Ask and her husband, Peter, have been on a mission to find and document Raugland’s paintings and have located about 120 of them, she said, “which is pretty good,” considering the age of the paintings.

According to historical records, other locations in northeastern North Dakota that have, or did have, Raugland paintings include:

  • Bottineau: Bottineau City Museum
  • Carbury: Turtle Mountain Lutheran Church
  • Cummings: Highland Lutheran Church
  • Cooperstown: Trinity Lutheran Church
  • Edinburg: Odalen Lutheran Church at Edinburg (painting lost to fire in 2007)
  • Hatton: Bethany Lutheran Church, Goose River Lutheran Church (church burned in 1983) and Little Forks Lutheran Church
  • Honeyford: St. Paul’s Lutheran Church
  • Hoople: Park Center Lutheran Church
  • Kloten: Valley Grove Lutheran
  • Northwood: West Union Lutheran Church
  • Reynolds: Zion Lutheran Church (now Reynolds Lutheran Church) and Stjordahlen Lutheran Church (a Reynolds parish, but located in Hatton)
  • Thompson: St.
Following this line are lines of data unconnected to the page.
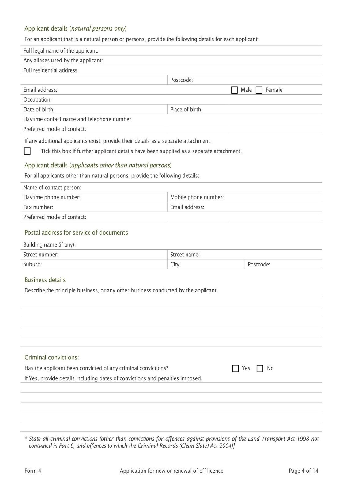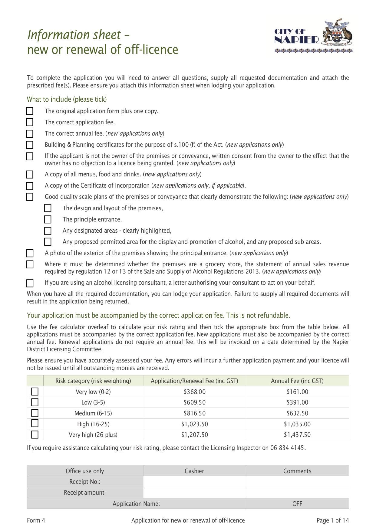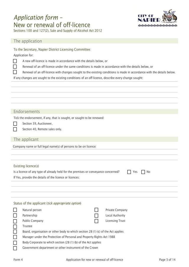 Form 4 Application for new or renewal of off-licence is a form for businesses in the Napier City Council area that want to obtain an off-licence for selling liquor.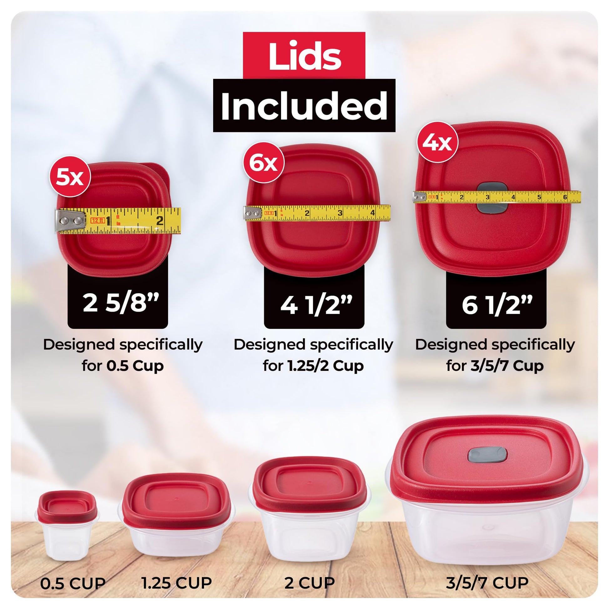Replacement Lids for Rubbermaid Food Storage Containers .5 Cup, 1.25/2 Cup, 3/57 Cup Vented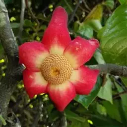 攀援灌木,长达6米;小枝被黄色粗毛。叶革质,椭圆状长圆形至长圆形,长6-12厘米,宽2.5-4厘米,顶端急尖或钝,基部近圆形或稍偏斜,两面无毛,或仅在下面中脉上被疏柔毛,叶面有光泽;侧脉每边8-10条,两面均凸起,远离边缘而联结,网脉疏散,明显;叶柄长2-5毫米,被疏柔毛。花单生;花梗稍长于钩状的总花梗,被疏柔毛;萼片三角形,长约3毫米,近无毛;花瓣卵状披针形,长10-18毫米,基部卵形,凹陷,外轮花瓣密被丝质柔毛,厚质,内轮花瓣长10-12毫米;雄蕊楔形,药隔三角形,顶端隆起,被短柔毛;心皮卵状长圆形,无毛,每心皮有胚珠2颗,基生,柱头短棍棒状。果椭圆状,长2-3.5厘米,直径1.5-3厘米,干时黑色。花期4-7月,果期5-12月。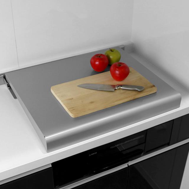 ガスコンロ上にカバーをする事で作業スペースが増え、料理の準備がスムーズにできます。しっかりした作りなので包丁を使った作業も安定して行えます。

Matthew’s Lutheran Church
  • Walhalla: Big Pembina Lutheran Church (lost in 2014 fire)

And, in northwestern Minnesota, these locations have, or did have, Raugland paintings:

  • Battle Lake: Trefoldighed Lutheran Church
  • Fertile: Maple Lake Lutheran Church (two paintings, including one from the Hitterdal Lutheran Church)
  • Fosston: Kingo Lutheran Church
  • Pelican Rapids: Grove Lake Lutheran Church

Some of her paintings were sent to missions in China, Hoffman said, and one is in the Heensasen Lutheran Church of Valdres, Norway.

Raugland was one of the very few female altar-piece painters, and one of the earliest — male or female — to venture into the niche for which she is best known, Hoffman said.

“She was very talented at a very young age,” Ask said, noting that Raugland began sketching as a schoolgirl.

Ask is unsure how her great-great-aunt became interested in altar pieces, but speculated it was a popular medium.

“It was unusual for a woman to have a professional career as an artist at that time,” Ask said. “It must have taken a lot of guts. It was equally unusual to have her own listing in the city directories and to maintain a studio outside her home.”

Sara Kirkeberg Raugland stopped painting alter pieces in 1918 after the death of her husband, but continued creating small paintings while living with her daughter until 1960 when she died at age 98.